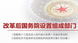今天,国务院机构改革方案提请十三届全国人大一次会议审议。根据该方案,改革后,国务院正部级机构减少8个,副部级机构减少7个,除国务院办公厅外,国务院设置组成部门26个。具体调整情...
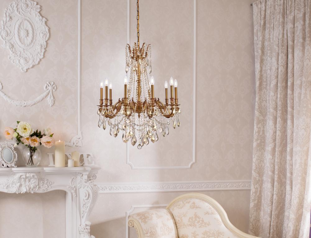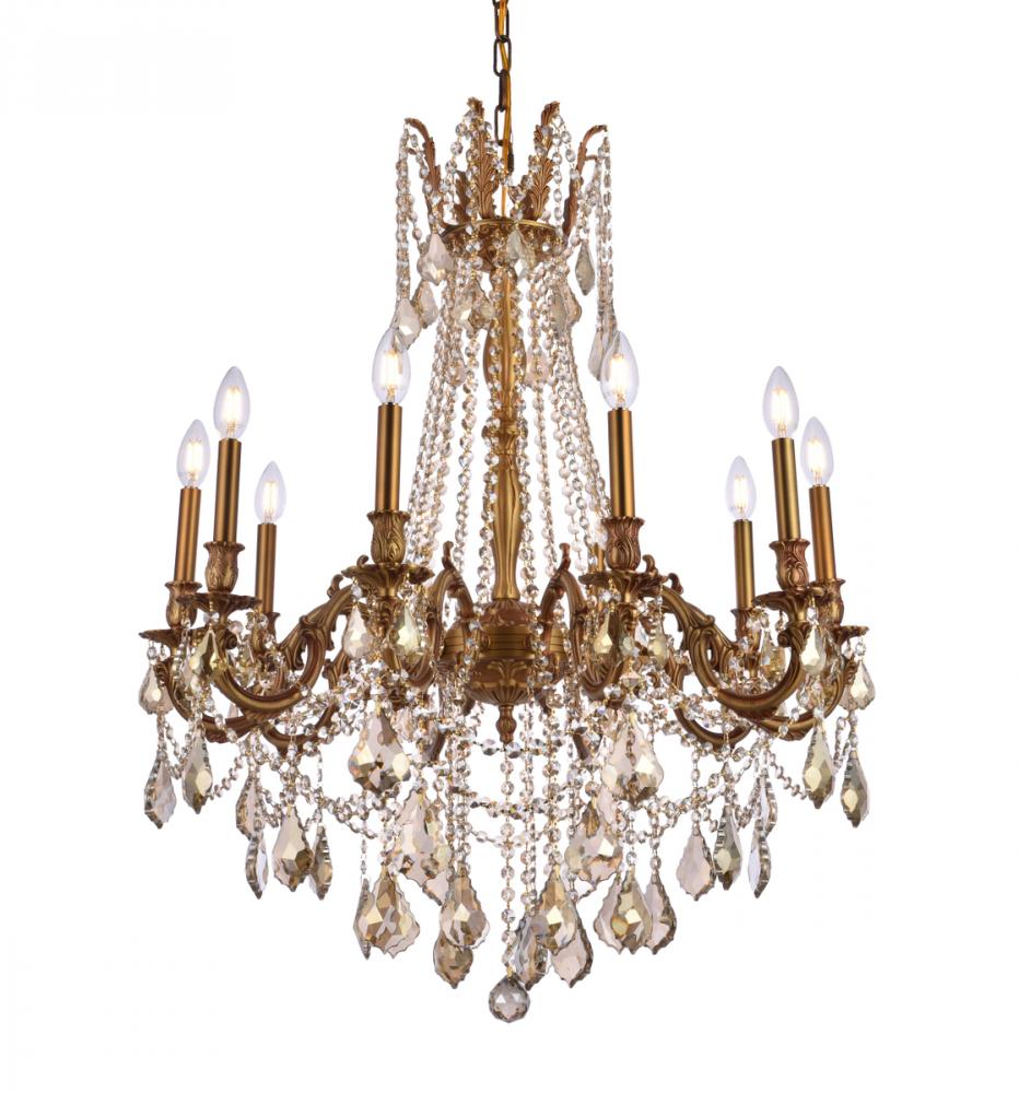 Rosalia 10 light French Gold Chandelier Golden Teak (Smoky) Royal Cut Crystal
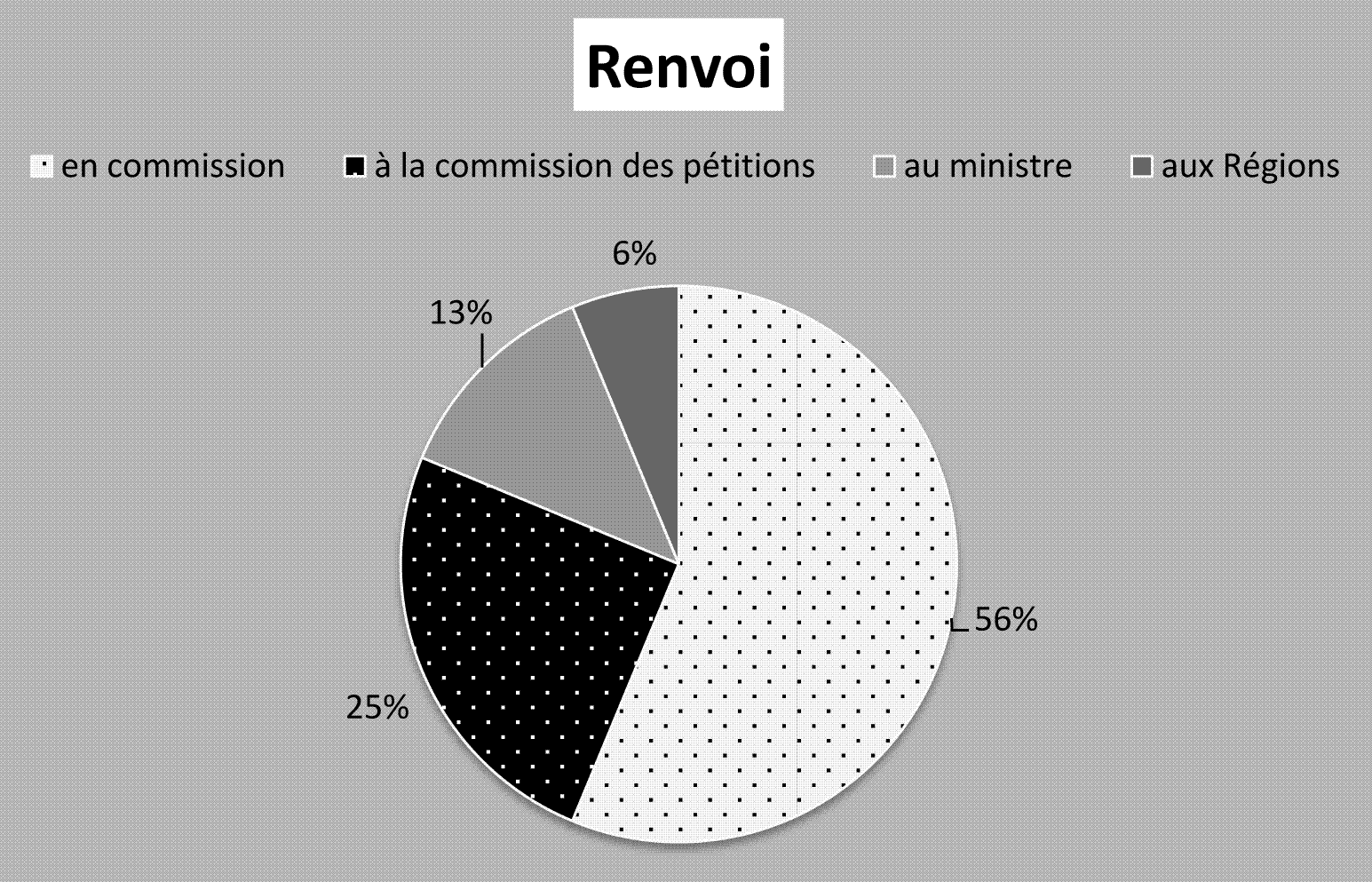In het onderstaande diagram worden de voormelde cijfers in kaart gebracht (in percentage van de verzoekschriften) :
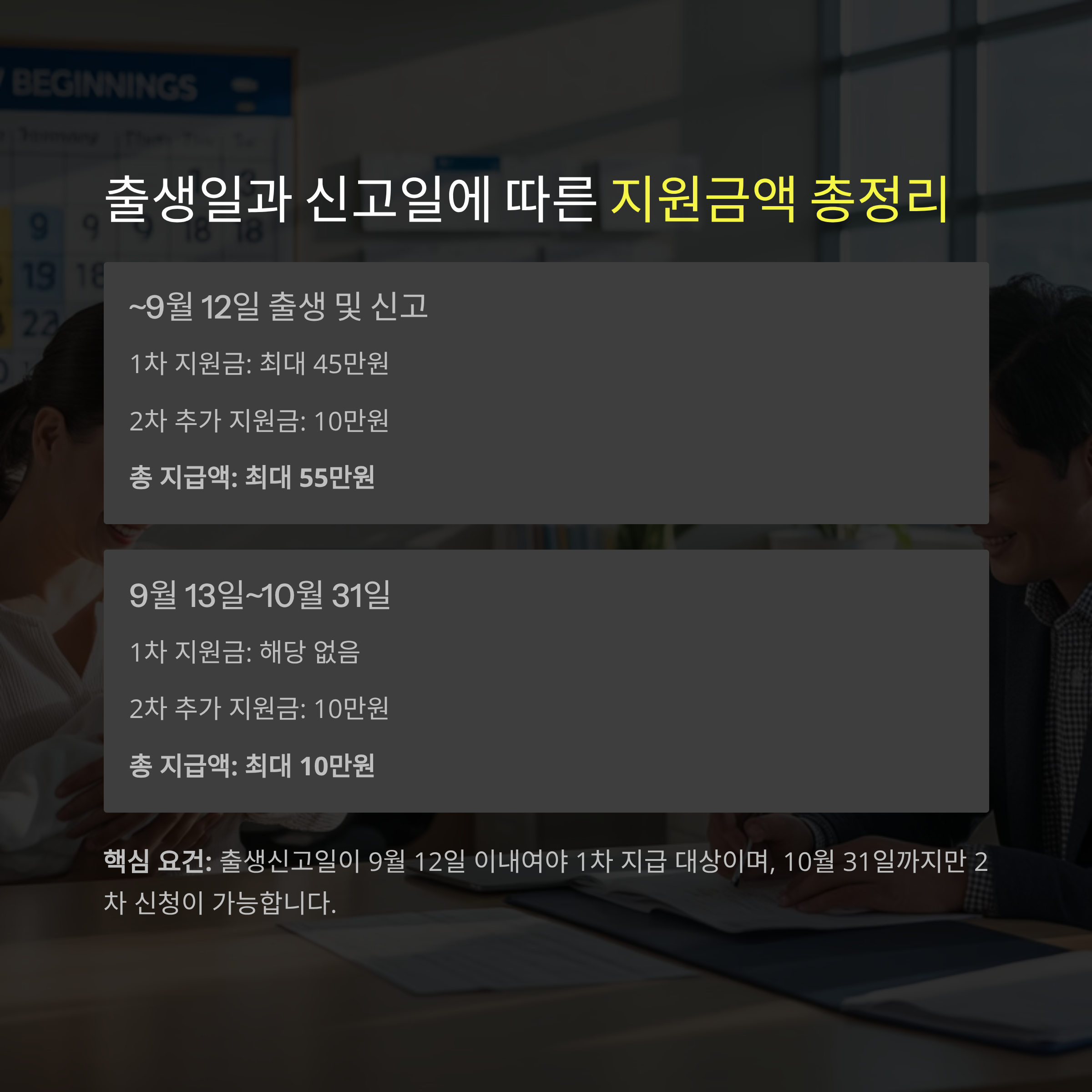 1차 기본 15만원과 추가 지급 포함 최대 55만원까지 가능하며 9월 20일 출생이라면 2차 10만원만 지급됩니다.
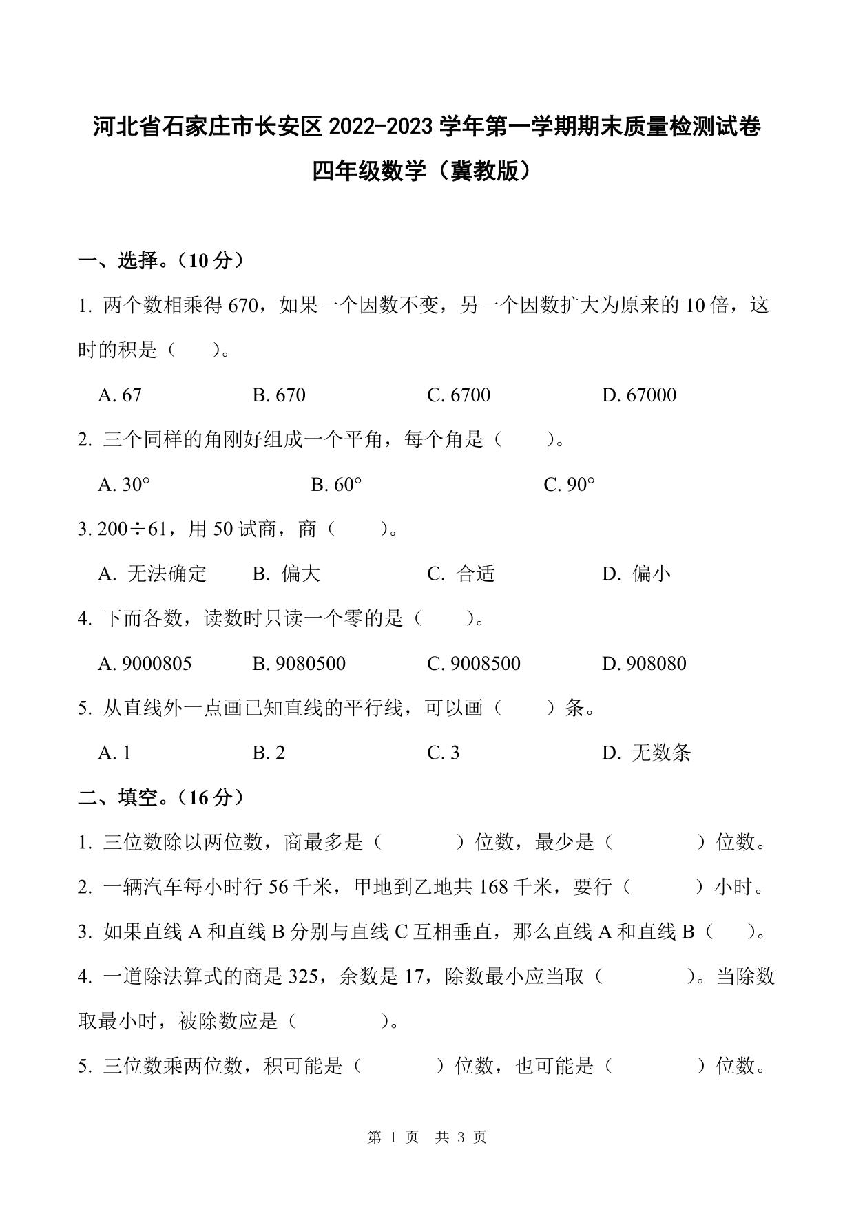 河北省石家庄市长安区2022-2023学年第一学期期末质量检测试卷四年级数学(冀教版)
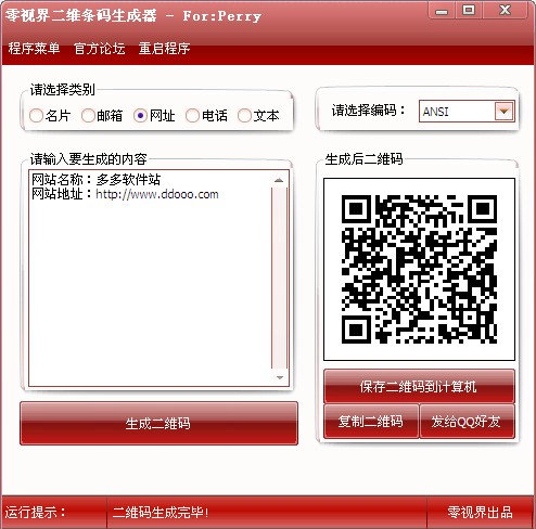 零视界二维条码生成器是一款绿色免费的的二维码生成工具。软件功能强大,简单易用,只需将您需要展现的信息写入指定区域,点击生成即可。
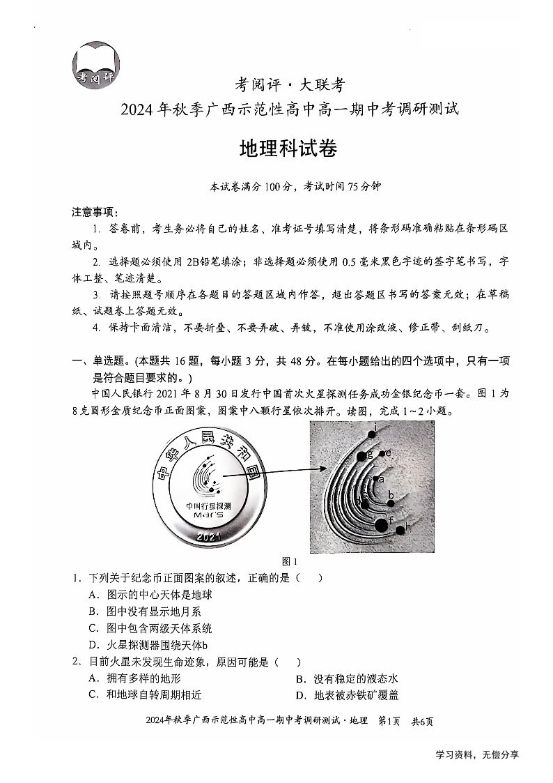 广西示范性高中2024年秋季高一期中考调研测试地理

::::::::::

## What you are asked to do
Of the entries above, print exactly those lines that run from the one containing "1차 기본 15만원과" through the last line, excluding any pictures.

## Solution for this task
 1차 기본 15만원과 추가 지급 포함 최대 55만원까지 가능하며 9월 20일 출생이라면 2차 10만원만 지급됩니다.
 河北省石家庄市长安区2022-2023学年第一学期期末质量检测试卷四年级数学(冀教版)
 零视界二维条码生成器是一款绿色免费的的二维码生成工具。软件功能强大,简单易用,只需将您需要展现的信息写入指定区域,点击生成即可。
 广西示范性高中2024年秋季高一期中考调研测试地理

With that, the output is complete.